Here are the key takeaways from the ACDSA decision:
— When premiums are lawfully included in pension calculations, current employees acquire a vested constitutional right to pension benefits based on those pay items. After PEPRA some county retirement boards no longer treated some premiums as pensionable. ACDSA says that was unlawful and it rejects Marin, which reached the opposite conclusion.
— ACDSA criticized the Marin court’s reliance on generalized claims of a “pension crisis” as the justification for impairing pension rights. ACDSA emphasized – consistent with prior cases – that in order to justify impairing a benefit, the employer must make a compelling case against the particular benefit and not, as Marin did, against pension systems as a whole. Speculation about a pension crisis will not cut it.

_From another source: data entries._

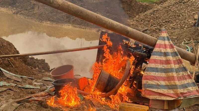 In addition, heavy-duty water pumping machines, mining equipment and makeshift structures found at the site were destroyed, while key excavator parts were removed to immobilise other machines left behind.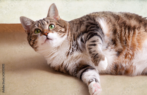 Dicke Katze auf dem Boden liegend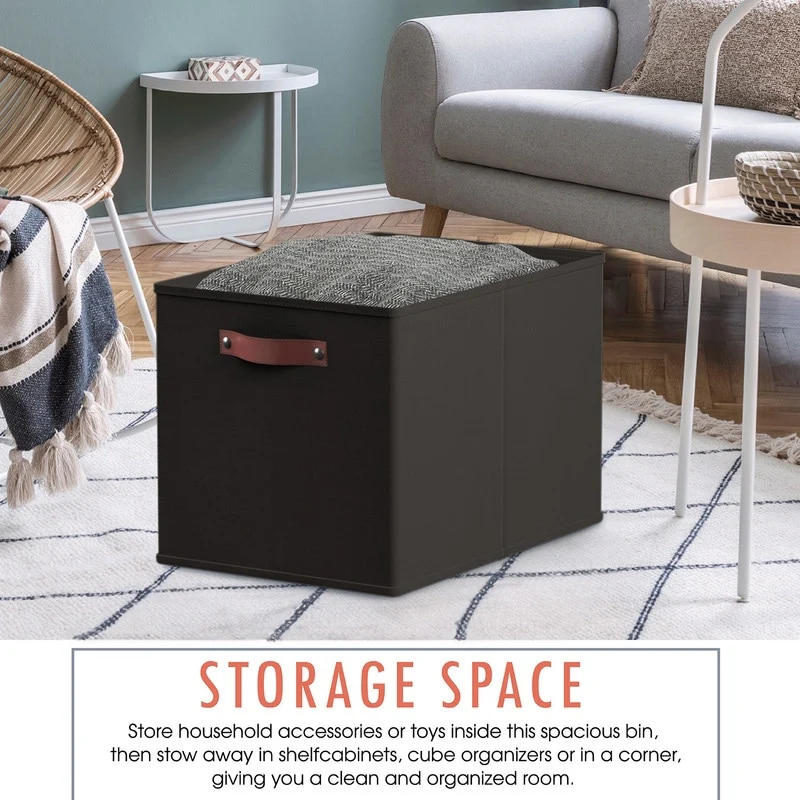 Crafted with durable materials, ensures the storage bin place in your home for a long time. The styling of the piece matches numerous decor styles, allowing you to continue using the storage bin when you update your furnishings and your home's decorative accent pieces. From media accessories to books and magazines, this piece stores items so that you can declutter your living area, and enjoy lounging in style.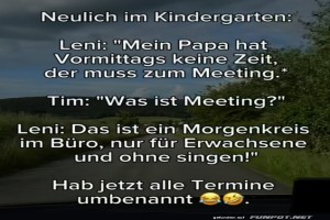 | Kindergarten-Weisheit: Meeting erklärt! Bild (126.43 KB) 4Lustiges → klasse Sprüche und Witze | Lustiges → klasse Sprüche und Witze | 26.07.-16:37 | Samu51 | |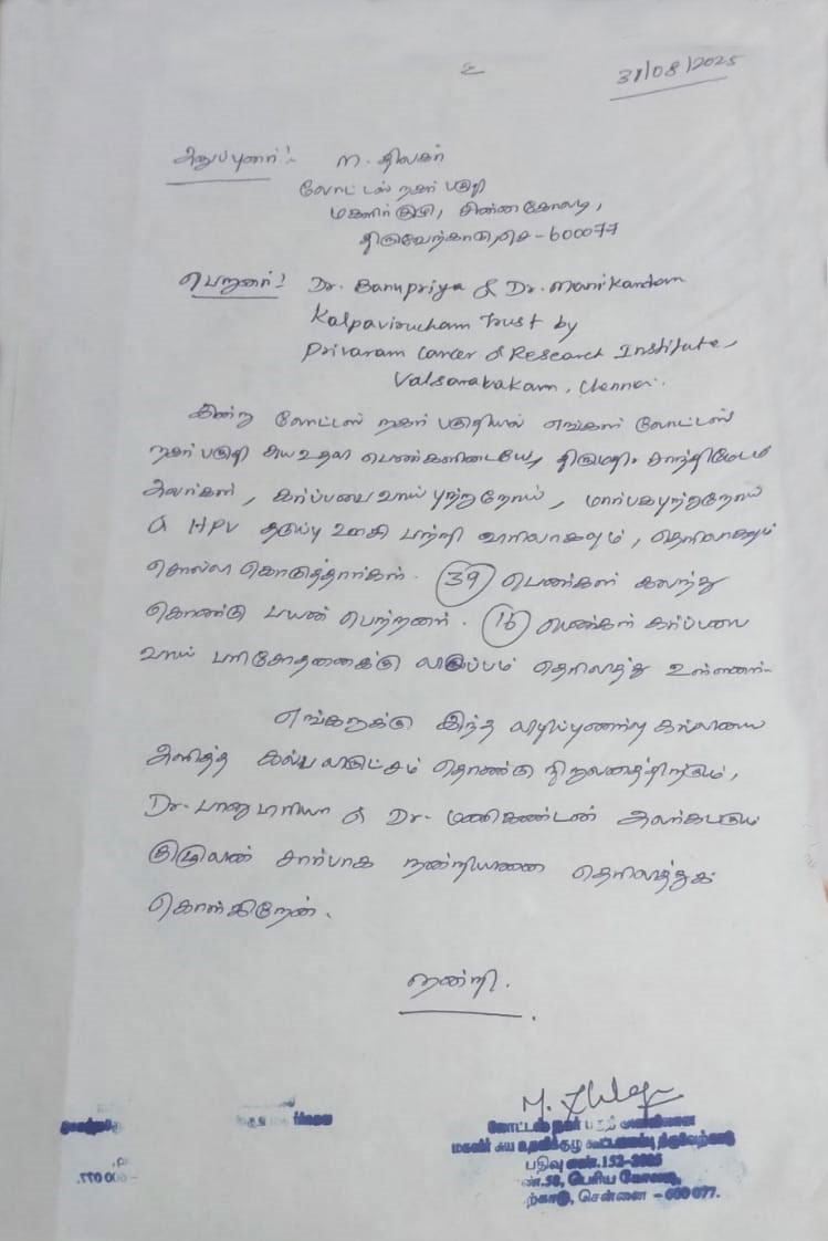 Appreciation Letter From Nithiya Malli Magalir Kuzhu - Ayanabakkam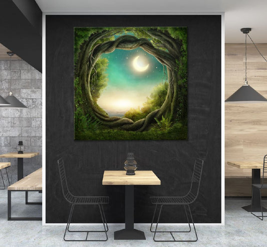 Square Canvas Dark Forest & Moonlight Photograph High Quality Print 100% Australian Made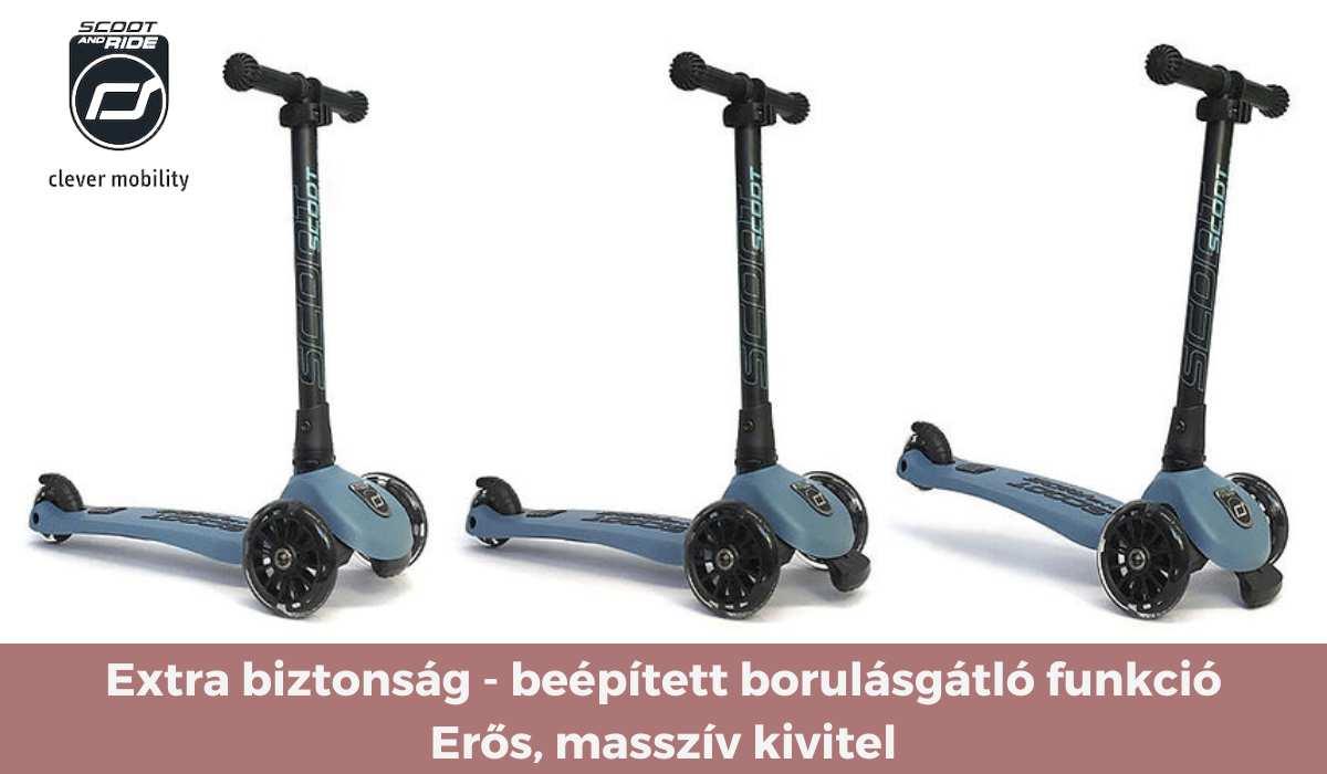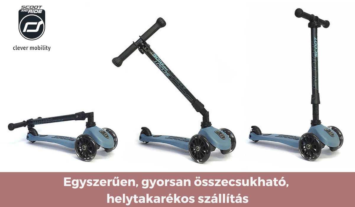 A Scoot and Ride Highwaykick 3 gyerek rollerek mind összecsukható vázzal rendelkeznek. Így a rollerek könnyen tárolhatóak otthon, vagy akár az iskolában, illetve tömegközlekedési eszközökön is könnyedén szállíthatóak.

— Whereas Marin held that employees are only entitled to a “reasonable” pension, ACDSA held that Marin got it wrong. The correct test is whether the impairment of the promised benefit is “reasonable.” ACDSA held that PEPRA failed to justify why it was targeting particular benefits of current employees. The court’s analysis must focus on the real impact to employees of the disadvantages caused by the enactment – mere speculation is insufficient.
ACDSA proffers a far more well-reasoned decision than in Marin or CAL FIRE. Ultimately, however, the California Supreme Court will resolve these opposing views of the First District Court of Appeal.